## Available records
↓
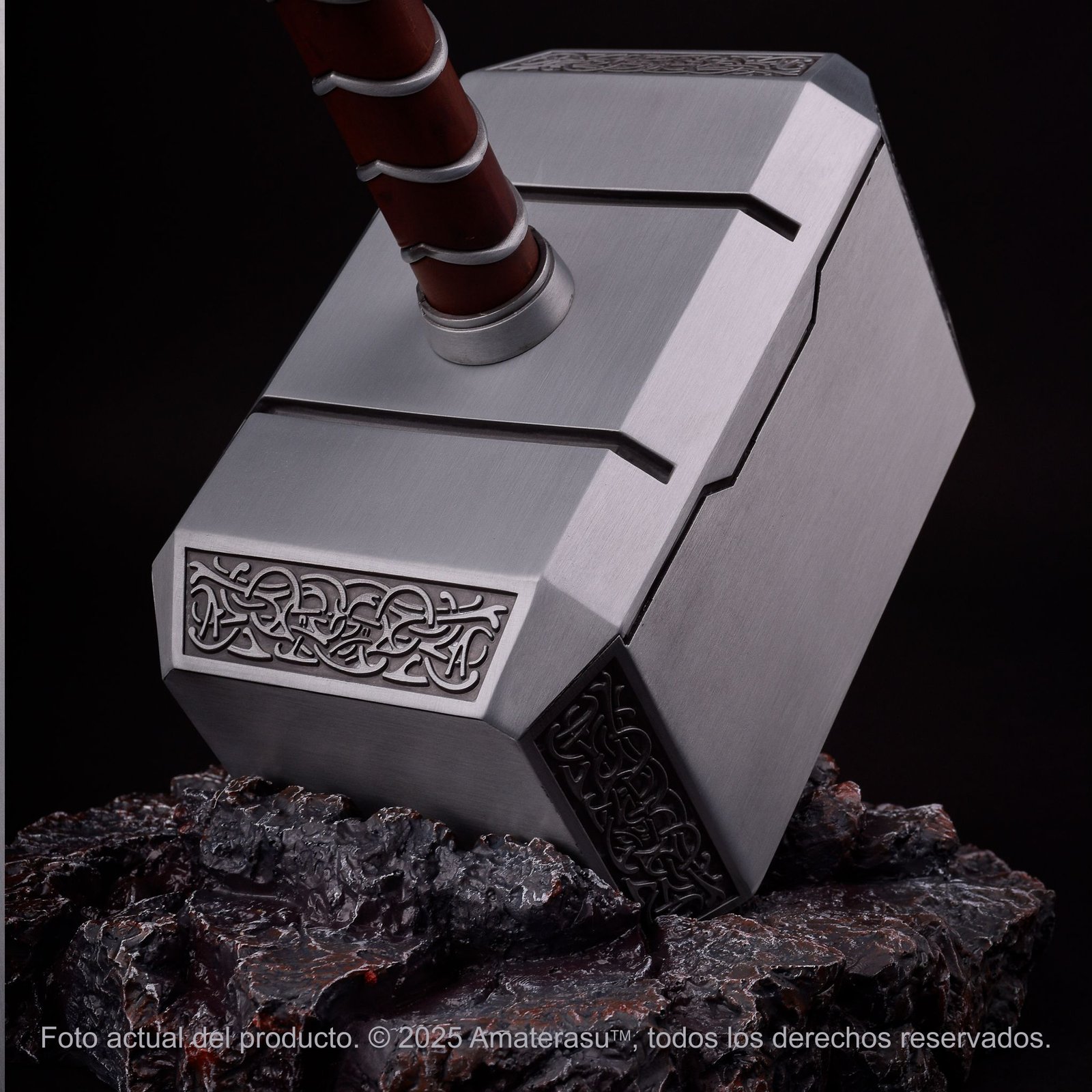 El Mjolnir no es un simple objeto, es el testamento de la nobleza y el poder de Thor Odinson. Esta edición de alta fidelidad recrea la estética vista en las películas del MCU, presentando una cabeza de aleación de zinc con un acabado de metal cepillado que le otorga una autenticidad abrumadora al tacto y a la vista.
↑
↓
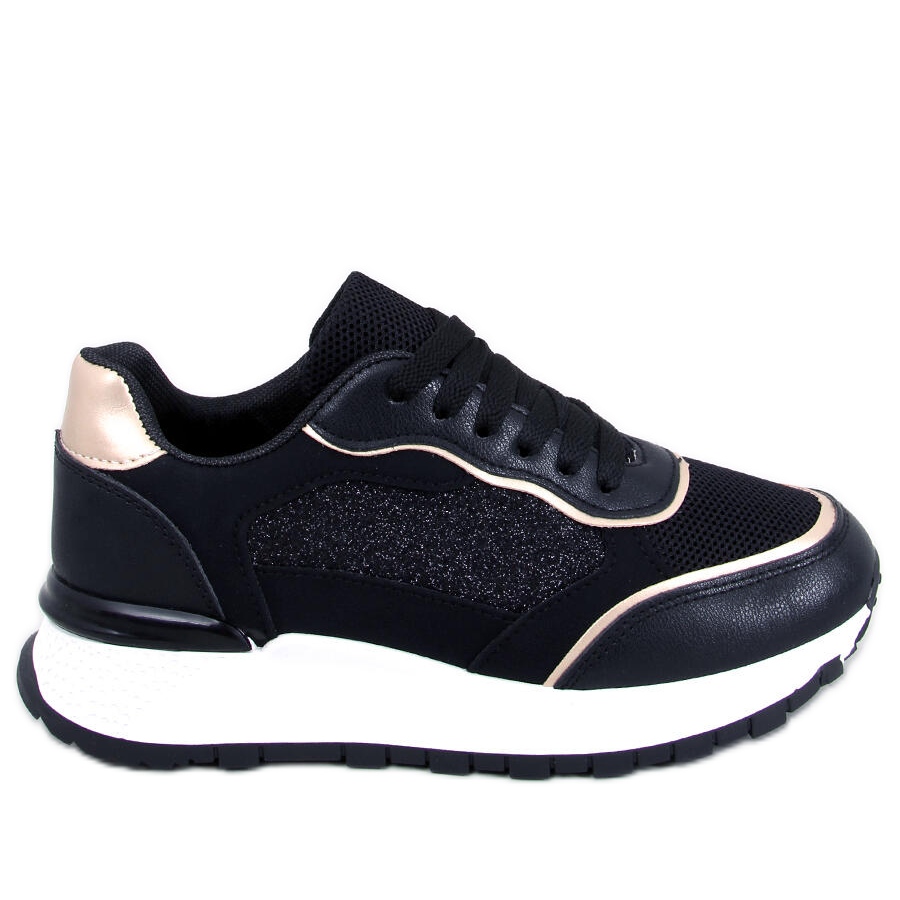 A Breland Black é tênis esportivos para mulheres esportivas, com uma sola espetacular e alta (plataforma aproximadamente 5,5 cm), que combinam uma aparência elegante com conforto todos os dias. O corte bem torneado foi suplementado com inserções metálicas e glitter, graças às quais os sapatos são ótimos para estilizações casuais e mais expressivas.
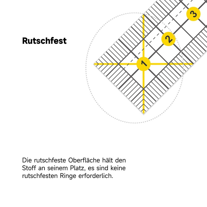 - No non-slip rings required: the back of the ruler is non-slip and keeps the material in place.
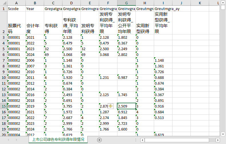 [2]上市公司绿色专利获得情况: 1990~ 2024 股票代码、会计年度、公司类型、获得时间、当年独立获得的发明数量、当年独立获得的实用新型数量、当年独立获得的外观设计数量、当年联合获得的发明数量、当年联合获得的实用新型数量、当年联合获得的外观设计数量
↑
## Your task
Working from the records above, set down word for word everything from the line containing "- No non-slip" down to the line containing "[2]上市公司绿色专利获得情况: 1990~ 2024", ends included, minus the pictures.

## Output of the task
 - No non-slip rings required: the back of the ruler is non-slip and keeps the material in place.
 [2]上市公司绿色专利获得情况: 1990~ 2024 股票代码、会计年度、公司类型、获得时间、当年独立获得的发明数量、当年独立获得的实用新型数量、当年独立获得的外观设计数量、当年联合获得的发明数量、当年联合获得的实用新型数量、当年联合获得的外观设计数量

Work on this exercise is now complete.